START INFORMATION SHOWN

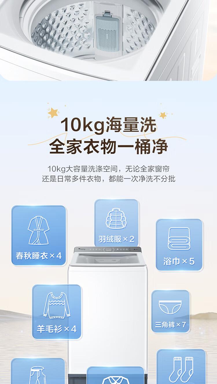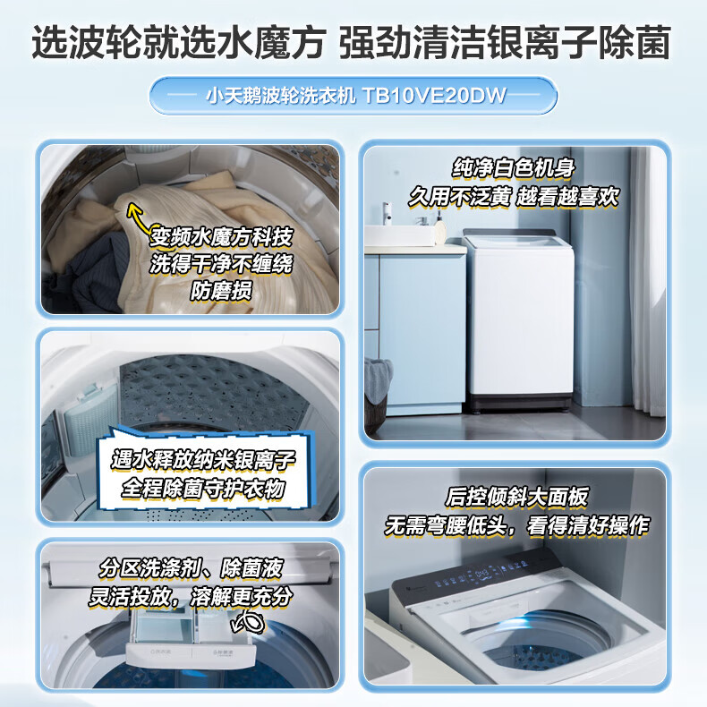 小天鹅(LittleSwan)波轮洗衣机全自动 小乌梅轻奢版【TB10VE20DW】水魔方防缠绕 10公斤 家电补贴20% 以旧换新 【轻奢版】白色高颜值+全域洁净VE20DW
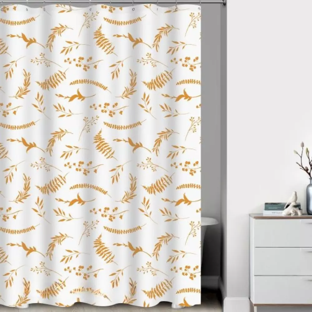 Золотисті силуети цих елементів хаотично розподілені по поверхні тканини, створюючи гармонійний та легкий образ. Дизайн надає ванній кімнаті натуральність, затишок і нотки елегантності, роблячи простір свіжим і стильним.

END INFORMATION SHOWN
START INFORMATION SHOWN

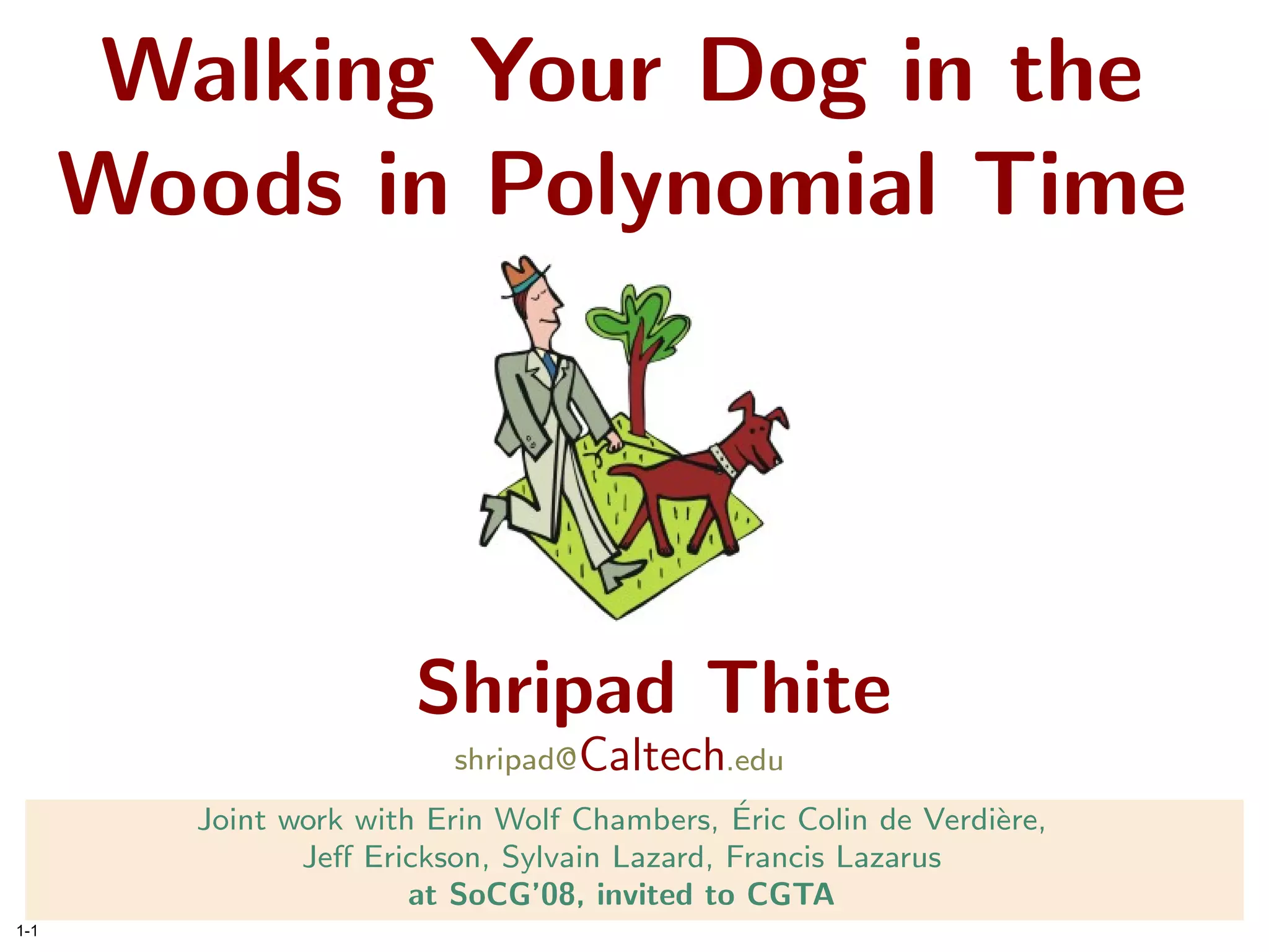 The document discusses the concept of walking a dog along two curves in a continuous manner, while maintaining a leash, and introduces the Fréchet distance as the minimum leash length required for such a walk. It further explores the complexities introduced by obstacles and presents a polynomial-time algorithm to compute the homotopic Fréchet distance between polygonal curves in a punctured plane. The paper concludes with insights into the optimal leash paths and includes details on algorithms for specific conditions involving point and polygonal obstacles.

END INFORMATION SHOWN

▶ **EXERCISE OBJECTIVE**
Using the entries above, transcribe exactly from the line that has "小天鹅(LittleSwan)波轮洗衣机全自动 小乌梅轻奢版【TB10VE20DW】水魔方防缠绕 10公斤" through the line that has "Золотисті силуети цих". Pictures are dropped.

▶ **OUTPUT OF THE TASK**
 小天鹅(LittleSwan)波轮洗衣机全自动 小乌梅轻奢版【TB10VE20DW】水魔方防缠绕 10公斤 家电补贴20% 以旧换新 【轻奢版】白色高颜值+全域洁净VE20DW
 Золотисті силуети цих елементів хаотично розподілені по поверхні тканини, створюючи гармонійний та легкий образ. Дизайн надає ванній кімнаті натуральність, затишок і нотки елегантності, роблячи простір свіжим і стильним.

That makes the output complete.